The use of epidemiological models in the study of wildlife diseases began in the early 1980s and has since then grown to be a major component of the wildlife disease literature. Although mean-field compartmental models laid much of the foundation for current epidemiological practices (e.g., the basic reproductive ratio and vaccination threshold), their inability to capture spatial dynamics led to the use of metapopulation and spatial models (Keeling and Rohani 2008; Kawata 2010). More recently, the use of contact networks has emerged as an intuitive and versatile means of studying disease dynamics.

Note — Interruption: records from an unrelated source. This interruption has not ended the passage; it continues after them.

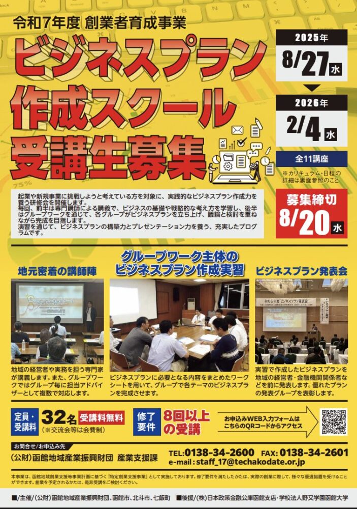 募集中の講座については函館地域産業振興財団HP「創業スキルアップ講座のご案内」で確認できます。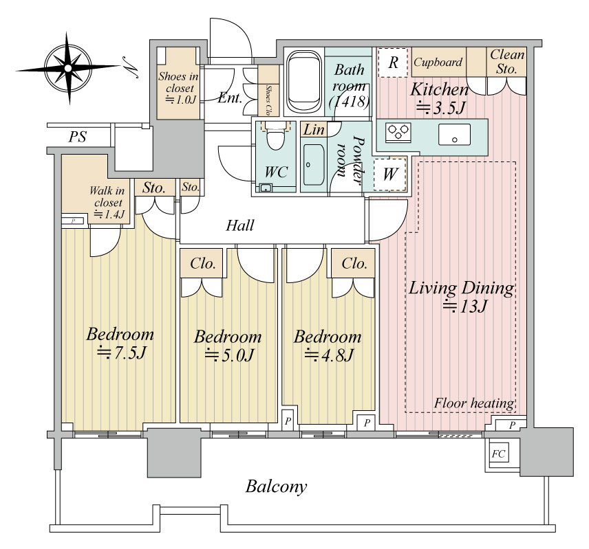 | 間取内容 | LD13.0帖 K3.5帖 洋室7.5帖 洋室5.0帖 洋室4.8帖 WIC+SIC |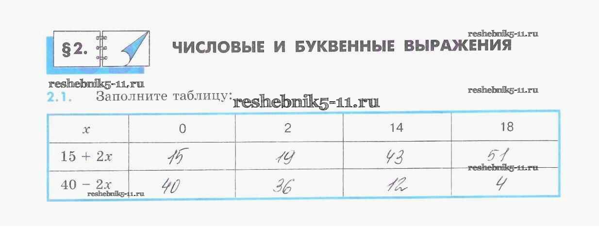Готовая домашняя работа с ответами по Математике за 5 класс Зубарева Рабочая тетрадь УМК Часть 1, 2 Мнемозина 2014 ФГОС - §2. Числовые и буквенные выражения 1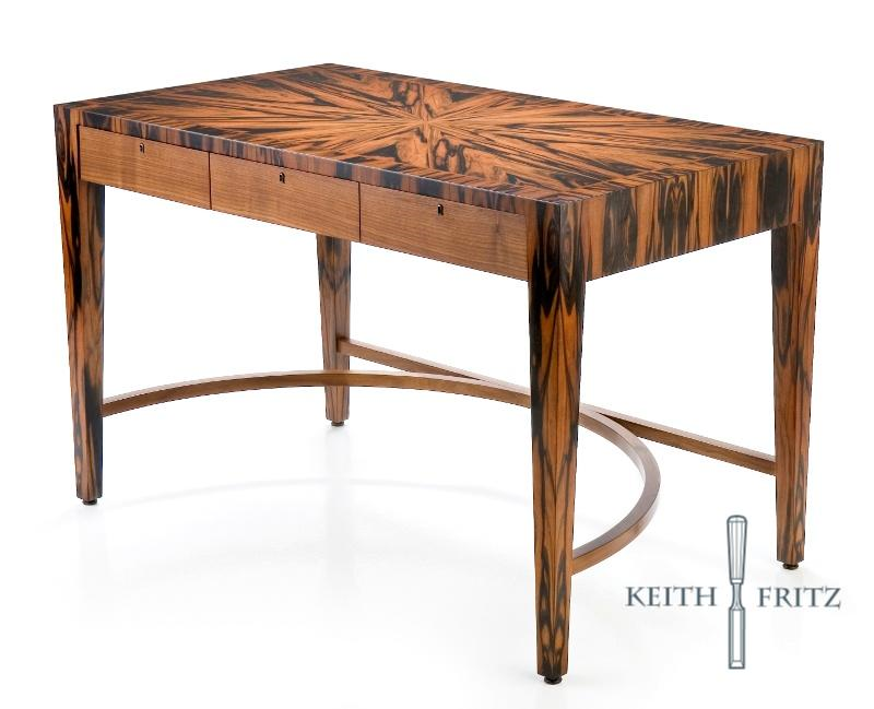 Available in all woods and finishes Available with sunburst pattern top as shown or “book and butt†pattern Available as shown in two wood species or all in one Desk sizes: T-06-1301-48 48â€W x 27â€D x 30â€H T-06-1303-60 60â€W x 30â€D x 30â€H T-06-1303-72 72â€W x 36â€D x 20â€H Console/sofa table sizes: T-06-1304-48 48â€W x 18â€D x 30†or 36â€H T-06-1306-60 60â€W x 18â€D x 30†or 36â€H
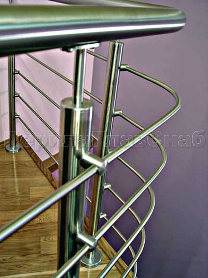 Четыре ригеля на сварке, круглый поручень и круглые стойки для крыльца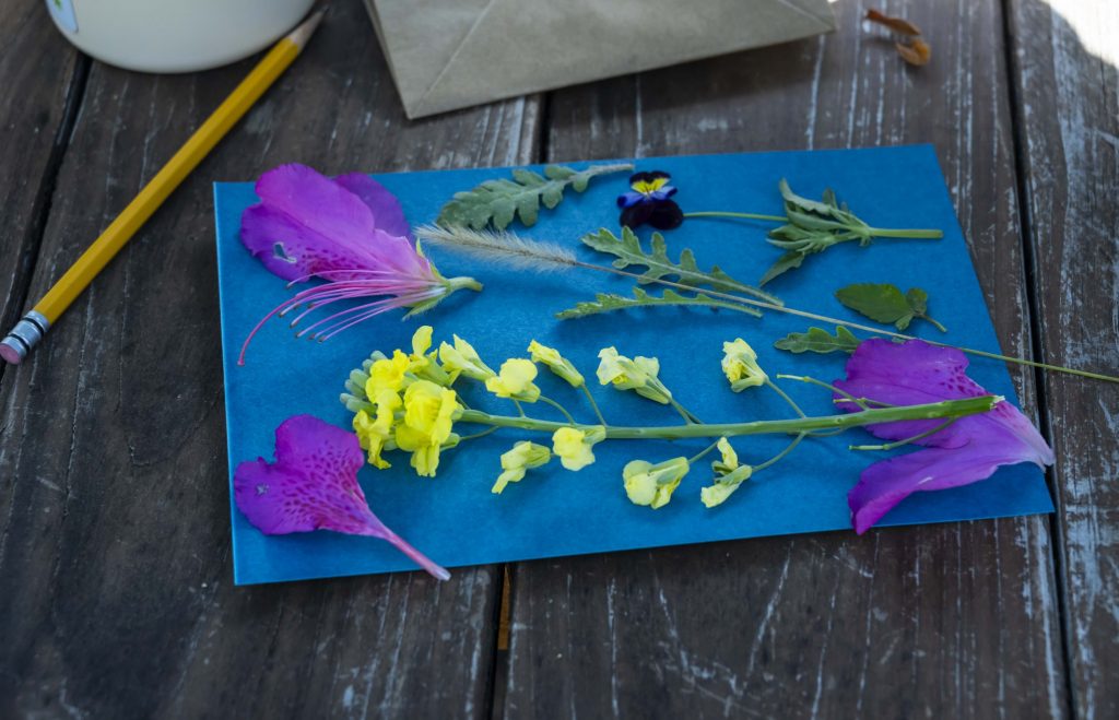 Using the seeds, flowers, and other plants from their scavenger hunt, the Fellows tapped into their inner artists and pressed them onto sun print paper, then left their creations out in the sun to develop.

As ongoing advances in GPS and proximity sensor technology make it more feasible to capture the level of data required to more accurately parameterize contact structure, network modeling will continue to provide useful insights into infectious diseases of wild animals (Keeling and Eames 2005; Tompkins et al. 2011; Godfrey 2013).

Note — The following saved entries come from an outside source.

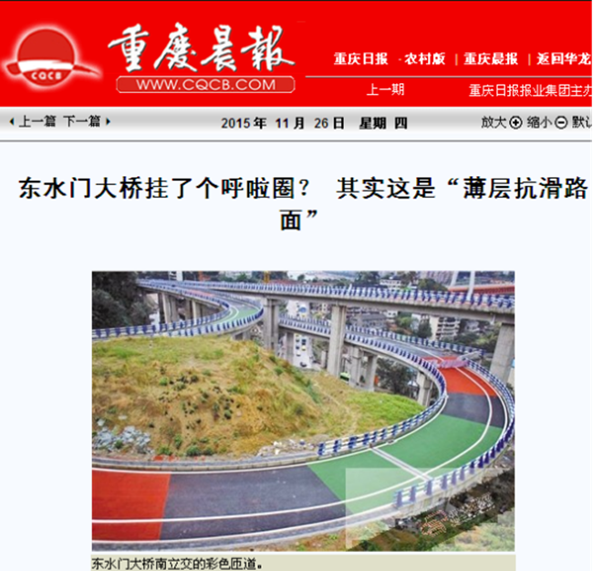 11月26日,重(zhong)慶大渝網(wang)(wang)、重(zhong)慶晨報報道了我司承建的(de)東水門南立交薄層(ceng)環氧抗(kang)滑層(ceng),由于工(gong)程的(de)宏偉(wei)壯觀,且(qie)受到社(she)會的(de)廣泛關(guan)注,新(xin)聞被新(xin)華(hua)網(wang)(wang)、新(xin)浪網(wang)(wang)、人(ren)民(min)網(wang)(wang)、南方網(wang)(wang)、華(hua)龍(long)網(wang)(wang)、軌(gui)道快報等多家主流(liu)媒體轉載報道,點擊率上(shang)萬次。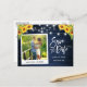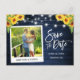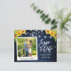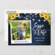 Estilo Moderno de Pincel, Estilo de Câmera Instantânea, Foto do Casal Salvar a Data de Anúncio de Noivado Cartão Postal - País Rústico Madeira Azul, Luzes de Corda. Inclui Floral de Girassol Aquarela e folhagens botânicas.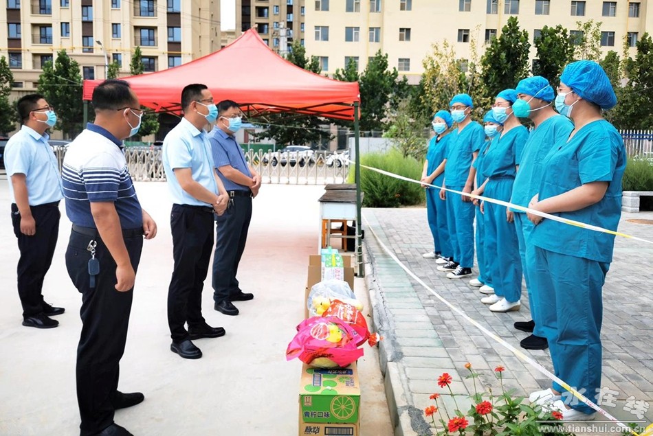 武山县融媒体中心8月19日讯(记者 李益)8月19日,副县长李峰来到县人民医院和县政府招待所、县委党校隔离观察点等地,看望慰问奋战在医疗一线的医务工作者,并通过他们向全县广大医务工作者致以节日问候和崇高敬意。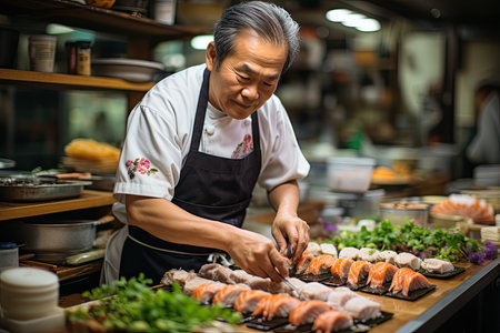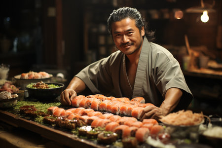 Skillful Japanese chef preparing fresh sushi, generative AI

Although much research has evaluated the uses, limitations, and dynamics of different infectious disease models, many potential avenues for future research still exist for each one. For example, although previous research using compartmental models has assessed the role of birth and transmission seasonality in producing annual, semiannual, and even chaotic patterns of disease prevalence (Ireland et al. 2004; Hosseini et al. 2004), little research investigating the role of seasonal patterns of mortality has been undertaken. The development of generalities about what ecological variables (e.g., resource or predator distribution) govern the establishment of contact structures is also of high priority (Craft and Caillaud 2011; Tompkins et al. 2011).

Several more general concerns also exist. For example, there is a substantial need to improve the analytical and computational tools available to infectious disease modelers; emerging methods developed for the analysis of “big data” are particularly intriguing for discerning the contact structure within populations of wild animals (Pellis et al. 2015). These tools include accurate and computationally efficient methods of calculating the basic reproductive ratio, epidemic threshold, and other epidemiologically important quantities from complex model structures (Ball et al. 2015). Identifying ways to combine two or more of the modeling approaches discussed in this chapter (Ball et al. 2015; Pellis et al. 2015), or to combine these models with other tools such as pathogen phylogenies (Frost et al. 2015), to provide a more realistic representation of the complexities involved in the spread of infectious diseases also deserves additional attention.

The ultimate goal of epidemiological models such as those discussed in this chapter is to allow scientists to understand the mechanisms behind and predict the future course of the spread of infectious diseases. As the use and advancement of these models continue, they will undoubtedly continue to aid efforts to minimize risks to human health, decrease loss of livestock, and preserve native and endangered species of wildlife.